Task description ▸
When you repeat the material, keep each line exact and omit the pictures.

Dataset content ▸
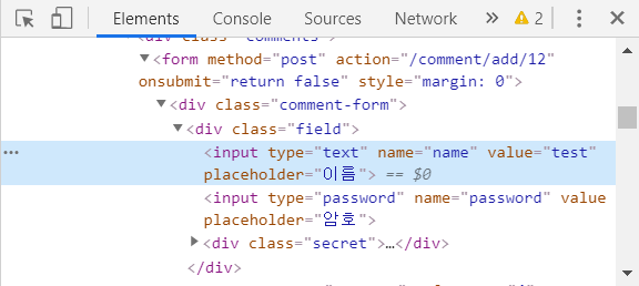 이번에는 이름과 비밀번호의 요소를 찾고, 입력하는 과정에 name을 이용해 보겠습니다.
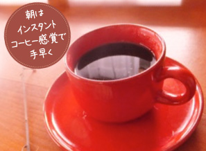 「ぶらうんかふぇ」顆粒タイプ小さじ1杯とインスタントコーヒーをお好みの量(小さじ1/2~)をカップに入れて熱湯を注ぎます。
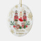 Whimsical The Nutcracker Ballet baby 1st Christmas photo tree ornament. Personalize it with your details easily and quickly, simply press the Edit Using Design Tools button to further re-arrange and format the style and placement of the text. Featuring whimsical characters from the Nutcracker in festive red, green and gold colors. Add your baby's picture at the back of the ornament. Perfect for your little snowflake's first Christmas! Matching items available in store! (c) The Happy Cat Studio.
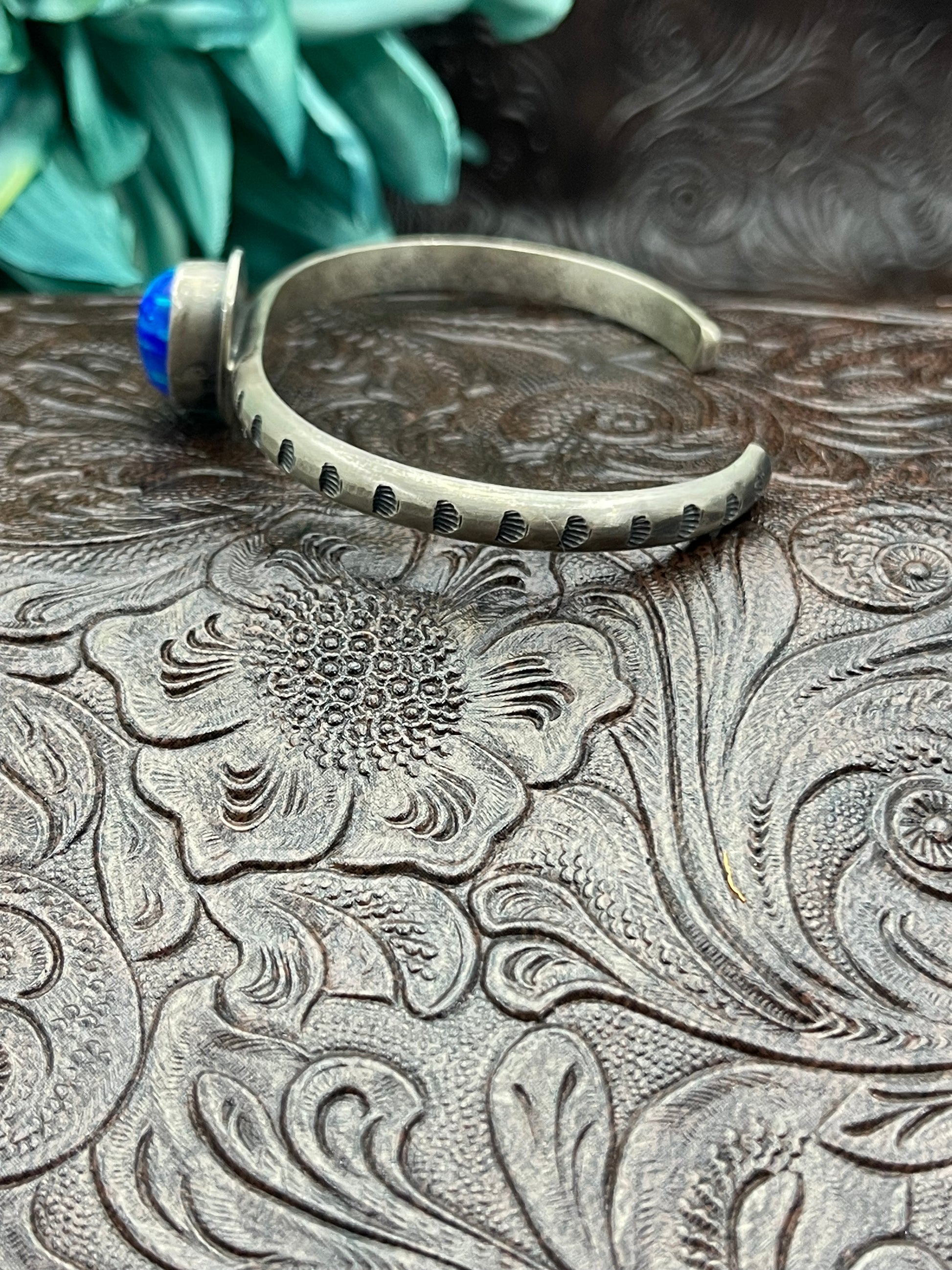 Handcrafted opal cuff bracelet featuring a striking single stone centerpiece set in sterling silver. This adjustable stamped band design showcases authentic opal's natural play of color, with traditional Native American metalwork details that celebrate artisan craftsmanship. The flexible sizing accommodates wrists from 5.75" to 7.25", making it a versatile addition to any collection. Perfect for those who appreciate genuine gemstones and the heritage behind each handmade piece.

Written response ▸
 이번에는 이름과 비밀번호의 요소를 찾고, 입력하는 과정에 name을 이용해 보겠습니다.
 「ぶらうんかふぇ」顆粒タイプ小さじ1杯とインスタントコーヒーをお好みの量(小さじ1/2~)をカップに入れて熱湯を注ぎます。
 Whimsical The Nutcracker Ballet baby 1st Christmas photo tree ornament. Personalize it with your details easily and quickly, simply press the Edit Using Design Tools button to further re-arrange and format the style and placement of the text. Featuring whimsical characters from the Nutcracker in festive red, green and gold colors. Add your baby's picture at the back of the ornament. Perfect for your little snowflake's first Christmas! Matching items available in store! (c) The Happy Cat Studio.
 Handcrafted opal cuff bracelet featuring a striking single stone centerpiece set in sterling silver. This adjustable stamped band design showcases authentic opal's natural play of color, with traditional Native American metalwork details that celebrate artisan craftsmanship. The flexible sizing accommodates wrists from 5.75" to 7.25", making it a versatile addition to any collection. Perfect for those who appreciate genuine gemstones and the heritage behind each handmade piece.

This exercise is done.